В тупике - Викентий Вересаев
Шрифт:
Интервал:
Закладка:
– А лица такие неприятные, глаза бегают… Но что было делать? Откажешь, а их расстреляют! Всю жизнь потом никуда не денешься от совести… Провела я их в комнату, – вдруг в дом комендант, матрос этот, Сычев, с ним еще матросы. "Офицеров прятать?" Обругал, избил по щекам, арестовали. Вторую неделю сижу. И недавно, когда на допрос водили, заметила я на дворе одного из тех двух. Ходит на свободе, как будто свой здесь человек.
День тянулся в полумраке, ночь – в темноте. Света не давали. Кате вспомнились древние, – раньше казалось, навсегда минувшие, – времена, когда людей бросали в каменные ямы, и странною представлялась какая-нибудь забота о них. Вспомнился когда-то читанный рассказ Лескова "Аскалонский злодей" и Иродова темница в рассказе. Все совсем так.
Жена директора банка тяжко стонала по ночам от ревматизма. Лица у всех были бело-серые, платья грязные, живые от вшей. Голод, бессветие, дурной воздух. В душах неизбывно жили ужас и отчаяние.
Катя узнала от товарок по заключению, что их камера, Б, – "сомнительная". Из нее переводят либо в камеру А – к выпуску, либо в камеру В – для расстрела. На днях расстреляли двух девушек-учительниц за саботаж и контрреволюционную пропаганду. Катя жадно расспрашивала про них днем, а ночью бледные их тени реяли пред нею в темноте.

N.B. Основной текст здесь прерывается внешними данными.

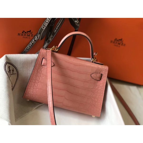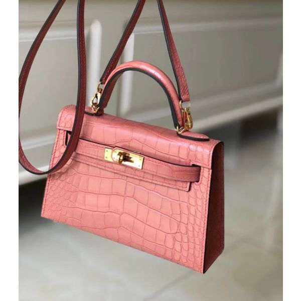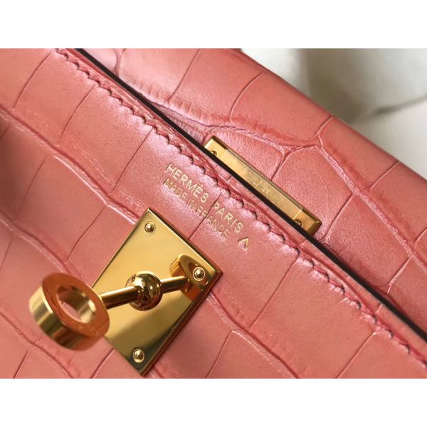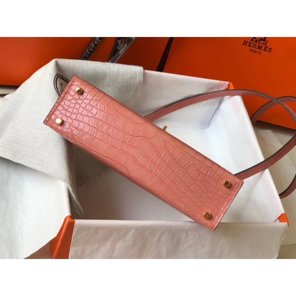 Hermes Kelly Mini II Handmade Bag In Pink Crocodile Embossed Leather

Позвали к допросу. Когда Катя входила в просторную комнату особняка, где ждал допрос, ее вдруг стала трепать такая дрожь, и так забилось сердце, что Катя пришла в отчаяние.
Сидело за столом трое, один из них – тот, который на нее тогда стучал кулаком. Сидевший в середине, бритый, спросил:
– Ваше имя, фамилия?
Катя сказала.
– Вы родственница товарища Сартанова-Седого?
– Это к делу не относится! – резко оборвала Катя.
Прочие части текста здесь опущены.